WHAT THE EXERCISE ASKS: Copy without pictures. Please restate each line of the listing exactly.

PROVIDED DATA:
================

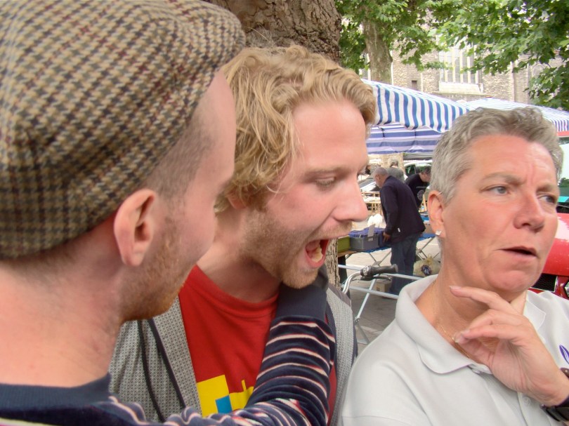 Opeens komt er een sfeerbeheerder bij ons staan. “Je aanrander staat hier opnieuw. Het is de grootste beer van de Vlasmarkt en hij is nog zeer agressief”, zegt de sfeerbeheerder tegen de ontbijtende jongeling. “Ga alsjeblief weg, wij kunnen hem niet onder controle houden.”
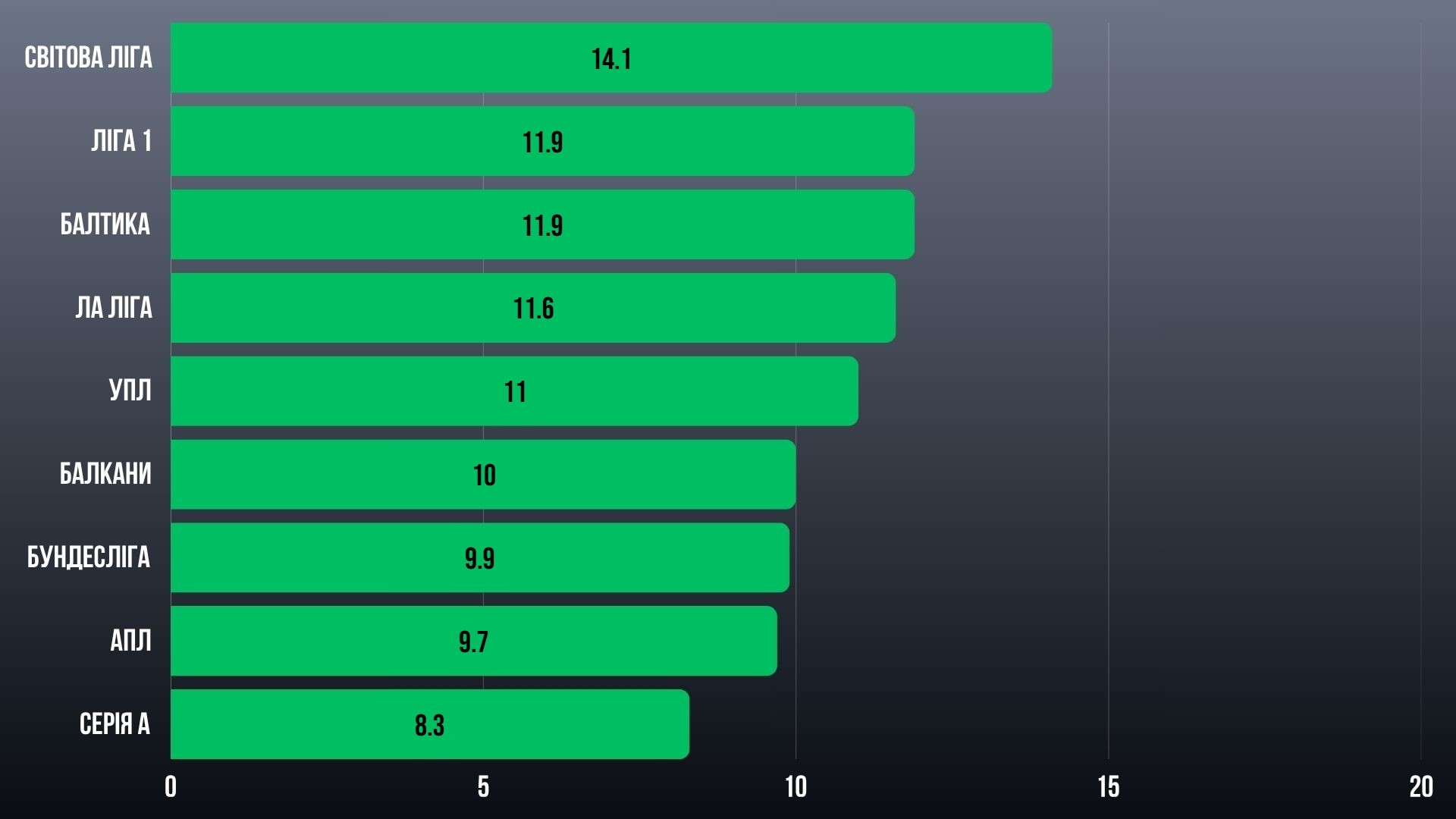 Світова ліга просто розриває — 14.1 бала на клуб, космос у порівнянні з іншими. Далі щільна боротьба: Ліга 1 та Балтика ділять другу позицію (по 11.9), поруч Ла Ліга з 11.6.
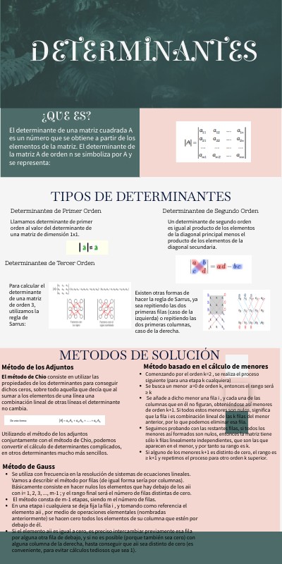 El determinante de una matriz cuadrada A es un número que se obtiene a partir de los elementos de la matriz. El determinante de la matriz A de orden n se simboliza por A y se representa:
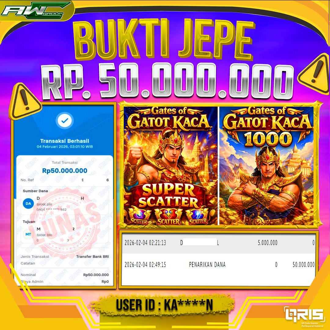 ID : KA*****N JACKPOT PAUS DI SLOT PRAGMATIC PLAY NAMA GAME : GATES OF GATOT KACA SUPER SCATTER & GATES OF GATOT KACA 1000 TOTAL WITHDRAW : 50.000.000

================

TASK RESULT:
 Opeens komt er een sfeerbeheerder bij ons staan. “Je aanrander staat hier opnieuw. Het is de grootste beer van de Vlasmarkt en hij is nog zeer agressief”, zegt de sfeerbeheerder tegen de ontbijtende jongeling. “Ga alsjeblief weg, wij kunnen hem niet onder controle houden.”
 Світова ліга просто розриває — 14.1 бала на клуб, космос у порівнянні з іншими. Далі щільна боротьба: Ліга 1 та Балтика ділять другу позицію (по 11.9), поруч Ла Ліга з 11.6.
 El determinante de una matriz cuadrada A es un número que se obtiene a partir de los elementos de la matriz. El determinante de la matriz A de orden n se simboliza por A y se representa:
 ID : KA*****N JACKPOT PAUS DI SLOT PRAGMATIC PLAY NAMA GAME : GATES OF GATOT KACA SUPER SCATTER & GATES OF GATOT KACA 1000 TOTAL WITHDRAW : 50.000.000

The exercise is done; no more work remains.